Terceiro aspecto: a decisão que foi tomada no Orçamento de 2019 não pode ser um acto isolado e deve encontrar consagração e institucionalização legal que lhe assegure sustentabilidade e progresso futuro, num quadro de assumpção pela Administração Central das responsabilidades que lhe cabem e de não transferência de encargos futuros para as autarquias locais e população.

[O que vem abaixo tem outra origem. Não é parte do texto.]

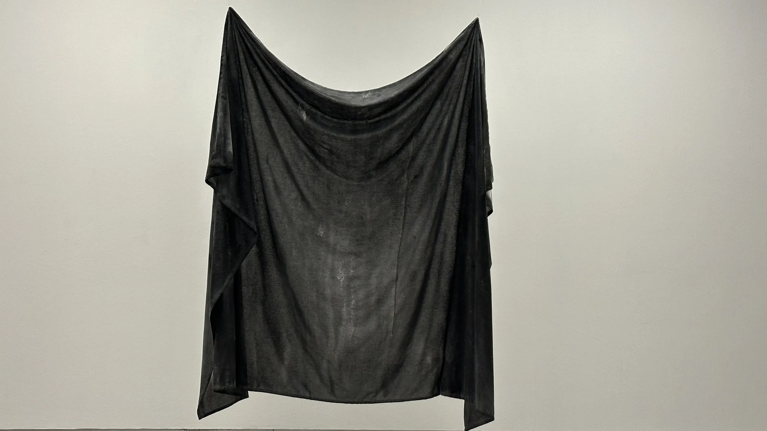 Through the performative act of touching white, floating fabric with ink, I attempted to translate the quiet, daily weight of sorrow and longing—feelings carried by those whose only chance of reunion comes in dreams. The rehearsed performance assumes the participation of other people as an act of manifestation of their invisible experience of indefinite loss. Textiles soaked in starch are solidified in a monumental form as a witness.

4- Alargar a oferta, estender a opção pelo transporte público a todo território nacional, assegurar o carácter estratégico que este tem para o País, com o Estado a assumir o seu papel na garantia desse direito, eis os elementos centrais da iniciativa legislativa que o PCP entregará nos próximos dias na Assembleia da República. O PCP assume que a aposta nos transportes públicos que propõe exigirá nos próximos anos um investimento público de muitas centenas de milhões de euros. Um investimento que para ser concretizado, com todos os benefícios que o mesmo tem para as populações, para a economia nacional, para o ambiente, exige aquilo que PS, PSD e CDS se têm recusado a fazer: enfrentar as imposições da União Europeia, romper com os interesses dos grupos económicos. Mas a vida também mostra, e este avanço do PART que hoje aqui assinalamos é precisamente resultado do facto do PCP nunca se ter conformado com uma realidade que parecia imutável. É nesse sentido que vamos continuar a intervir!